Still, getting a grip on the mussel's curing process has not been easy.
Curing, or cross-linking, occurs when bonds are created between the
proteins that make up the mussel's glue. The new findings suggest that
adding iron to two key mussel proteins can, within minutes, create the
cross-links needed to transform them into cement. Although metals are commonly used in biological functions, Dr. Wilker
says this is the first time a metal such as iron has been deemed essential
to forming a biological material. "One question we have is, 'Could this be prevalent in forming natural
adhesives or natural materials, for that matter, throughout nature?' " he
says. The iron used in making these glues comes from open-ocean water.
Mussels are filter feeders, pumping water through tiny gills to sift out
nutrients in plankton and other material. This filtering mechanism also
allows the shellfish to accumulate metals from the seawater. Studies show
that mussel concentrations of metals such as iron, zinc and copper can be
up to 100,000 times higher than those found in seawater. Dr. Wilker says the high amounts of metals, particularly iron, led him
to wonder whether there was a functional significance or the
concentrations were just a byproduct of metabolism.
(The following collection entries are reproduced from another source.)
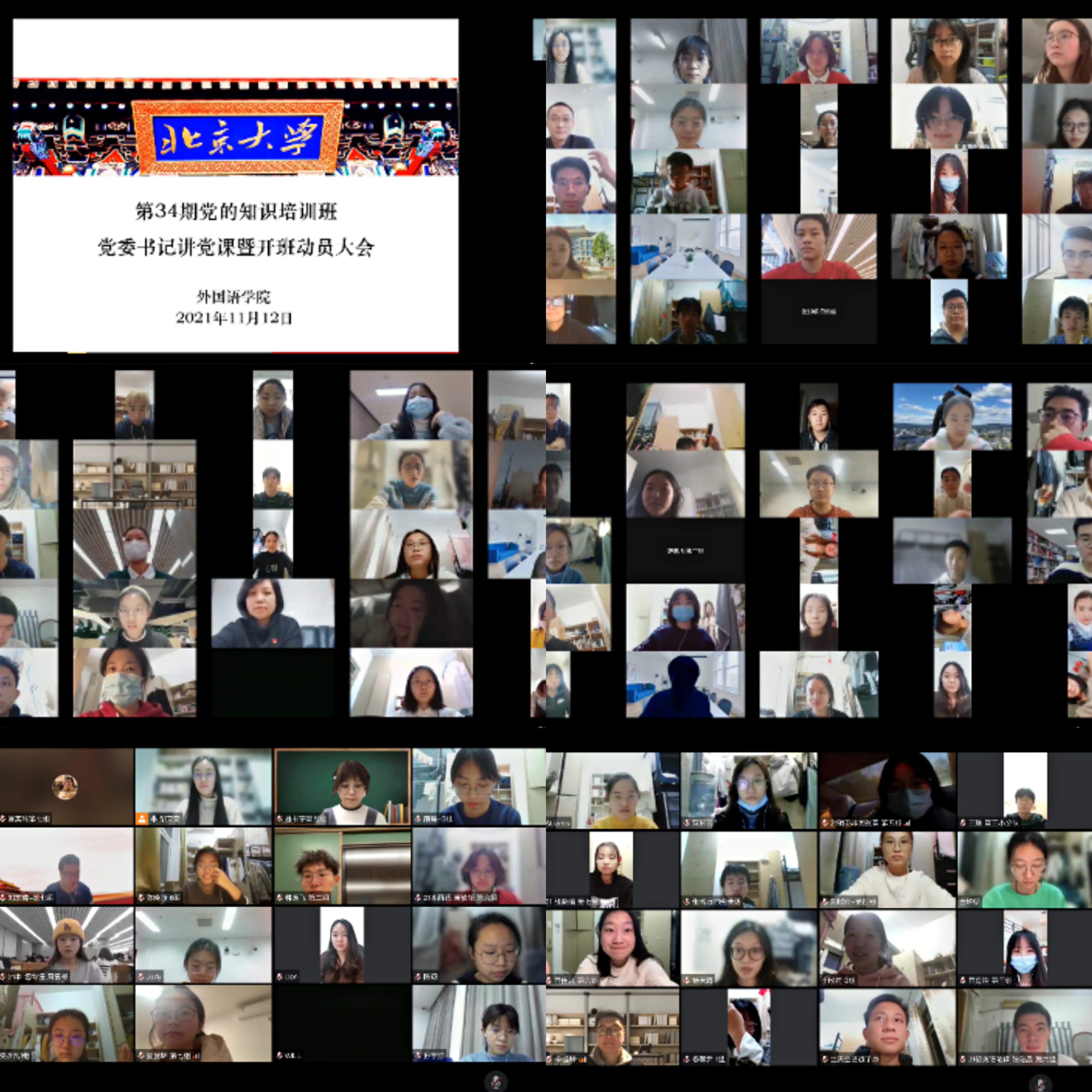 2021年11月12日下午,bat365登录平台入口举办第34期党的知识培训班开班动员会暨党委书记讲党课活动,考虑到疫情防控需要,本次活动以线上腾讯会议的形式召开。本次活动由学院党委书记李淑静担任主讲,党委副书记王恒、团委书记伍昕钰、团委常务副书记于丹出席会议,第34期党的知识培训班领队辅导员邹艾安担任主持。培训班一百七十余名学员齐聚云上,认真听讲,积极互动,以端正的态度和饱满的精神正式开启初党学习之旅。
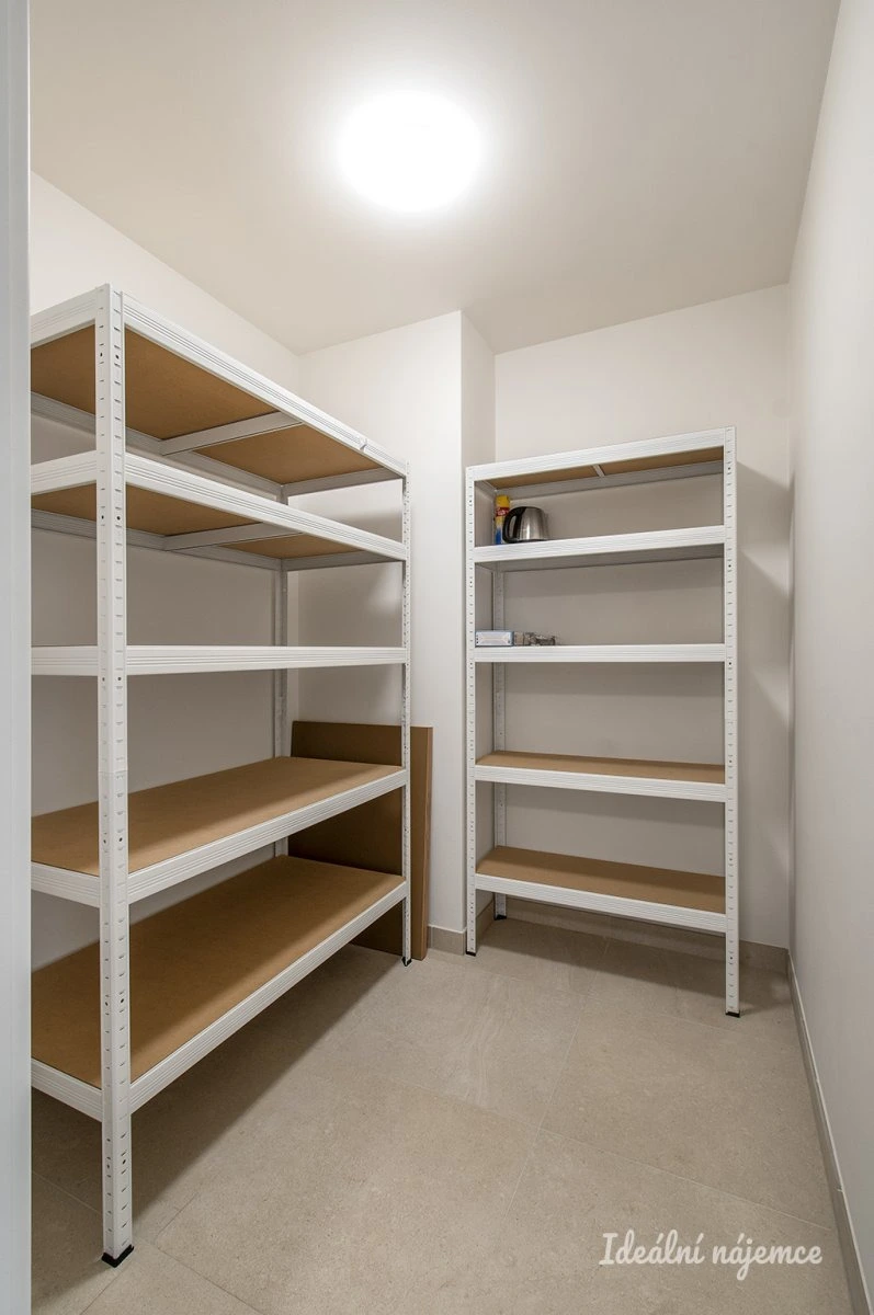 Byt se nabízí částečně vybavený. Kuchyně disponuje lednicí, myčkou, elektrickou troubou, varnou deskou, mikrovlnnou troubou a digestoří. V chodbě a ložnici nalezneme vestavné skříně a v praktické komoře jsou připraveny regály.
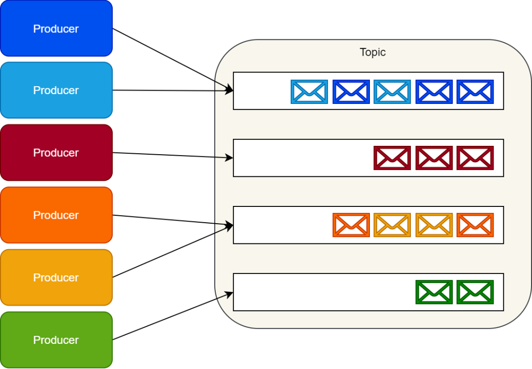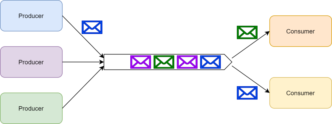 利用消息队列可以解耦生产者和消费者。多个生产者可以向同一个消息队列发送消息。
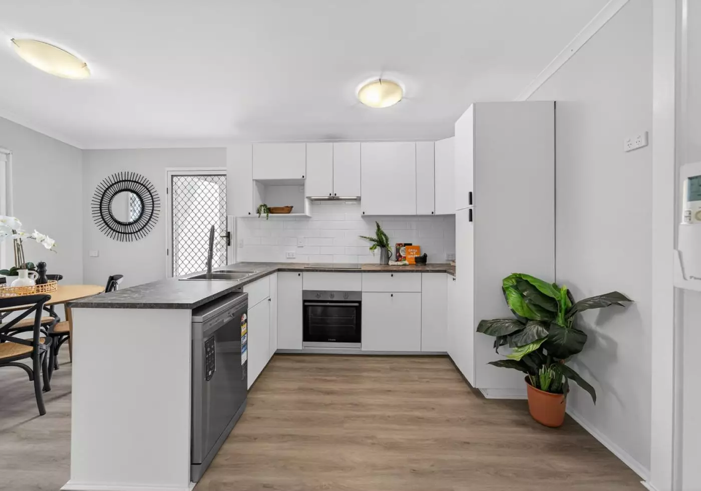 • The open plan kitchen is recently renovated, including premium appliances including a four-burner induction cooktop, electric oven, and dishwasher.
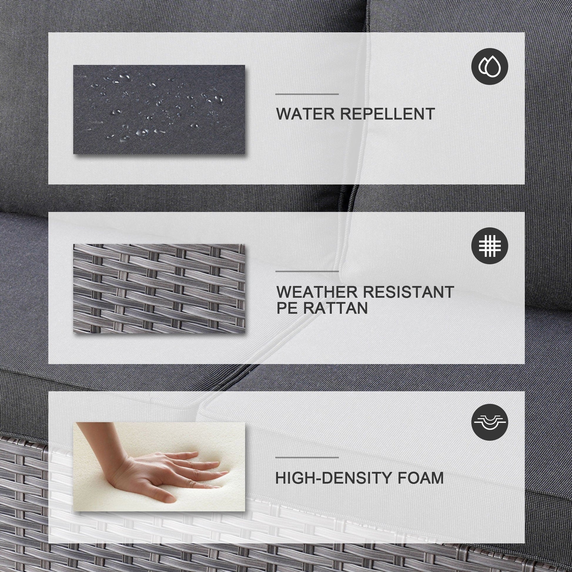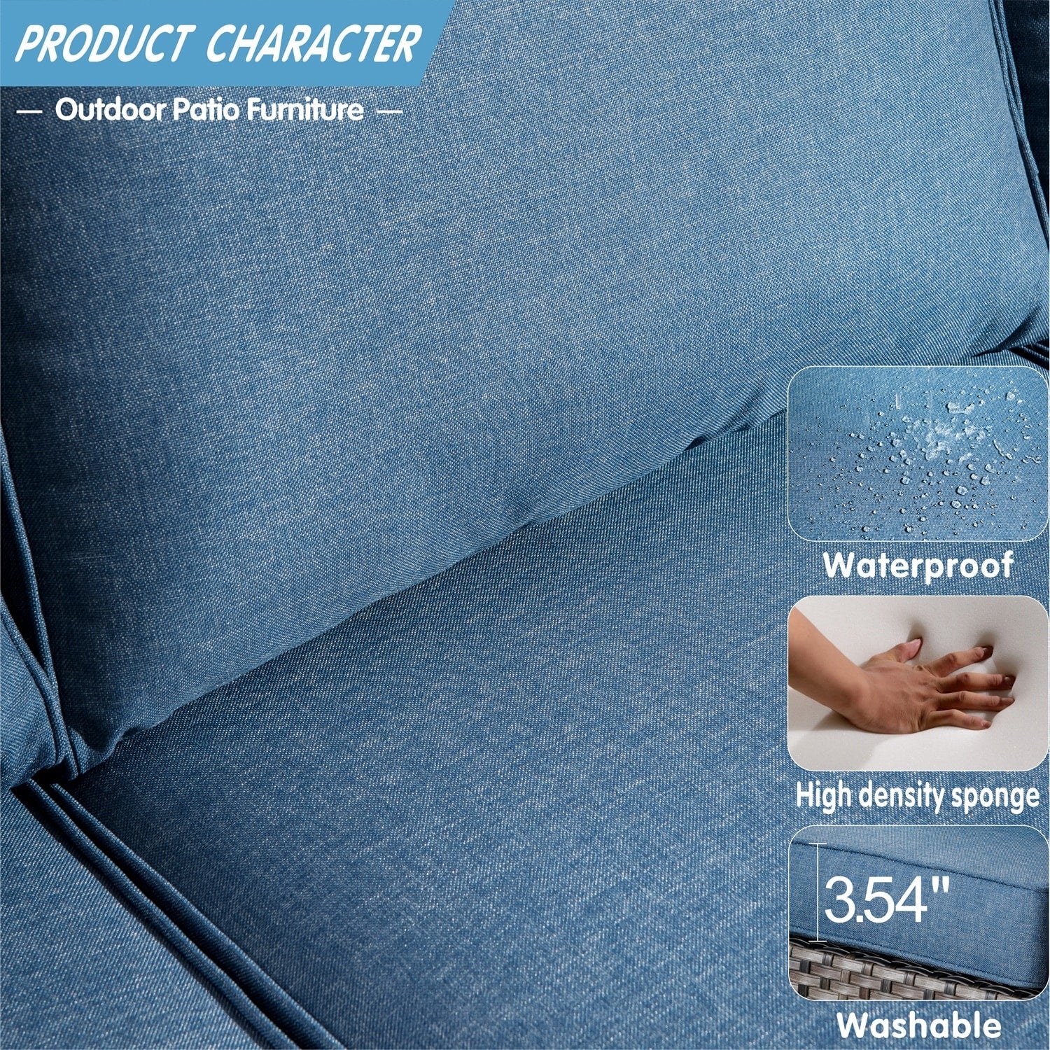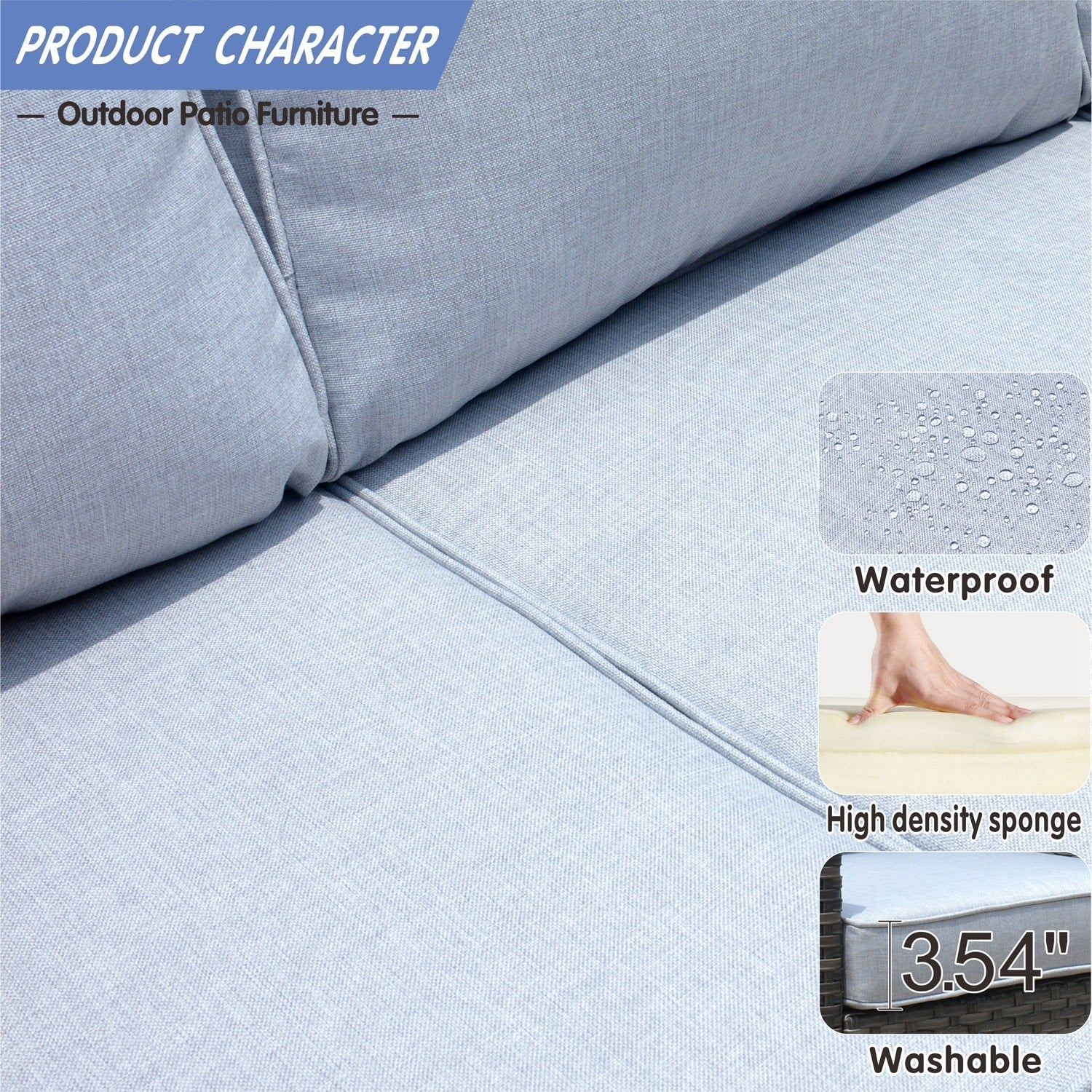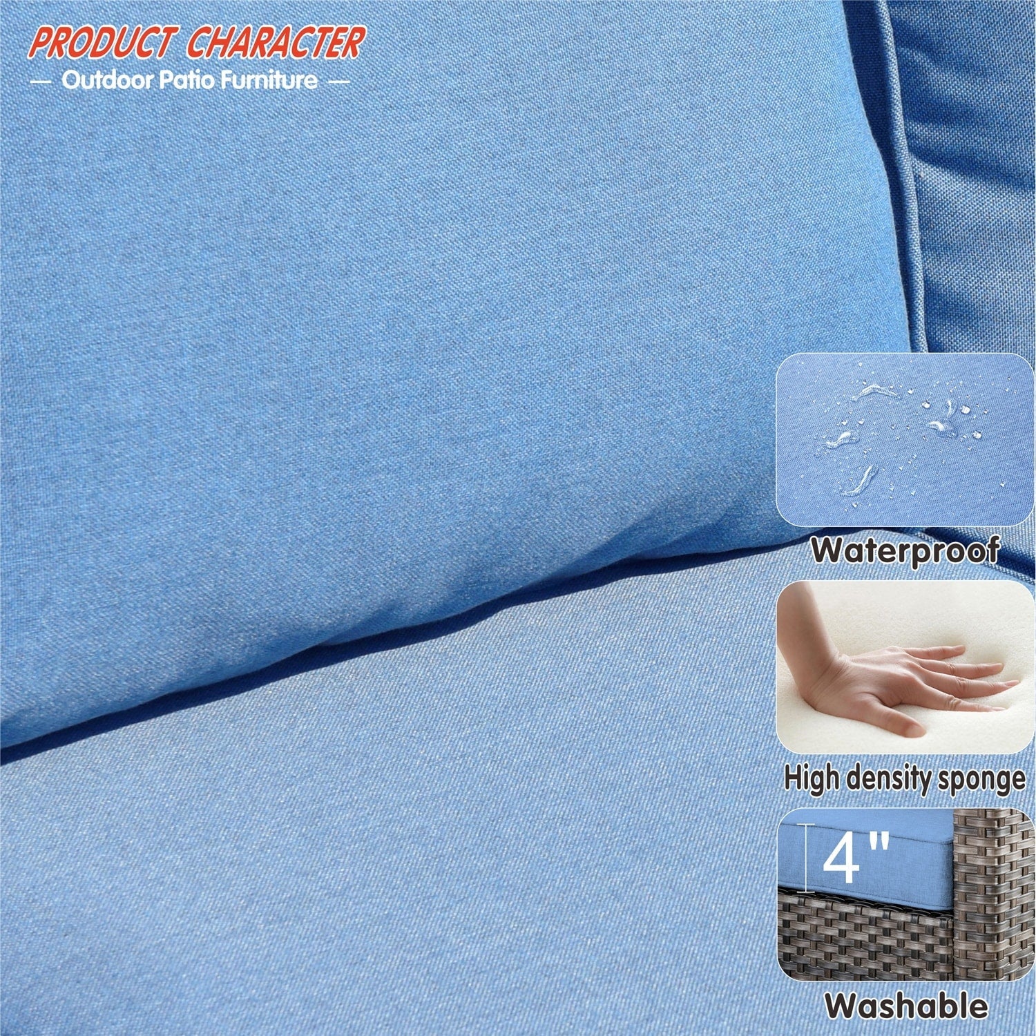 • Résistant à l'eau et aux intempéries : Les coussins et le mobilier sont conçus pour résister à l'eau, ce qui les rend parfaits pour résister à une pluie légère ou à la neige. Bien que cet ensemble résiste facilement à la plupart des conditions météorologiques, il est préférable de le protéger des intempéries extrêmes pour une meilleure longévité.

In a series of studies, he examined how metals bind to mussel proteins
called Mefp-1 and Mefp-2. He extracted the proteins from mussels and
combined them with iron, zinc or copper to analyze the adhesive properties
of each mixture. He found that iron worked best in making cross-links from
the extracted material. "We find when we do our studies with the other metals, we don't get the
same bonding to occur. So we think it's only iron that's actually bringing
about the chemistry," he says. He also compared the cross-link in the iron-protein combination to the
natural glue, using samples of already cured glue collected from mussels
in his laboratory, and to synthetic models using laboratory-made proteins.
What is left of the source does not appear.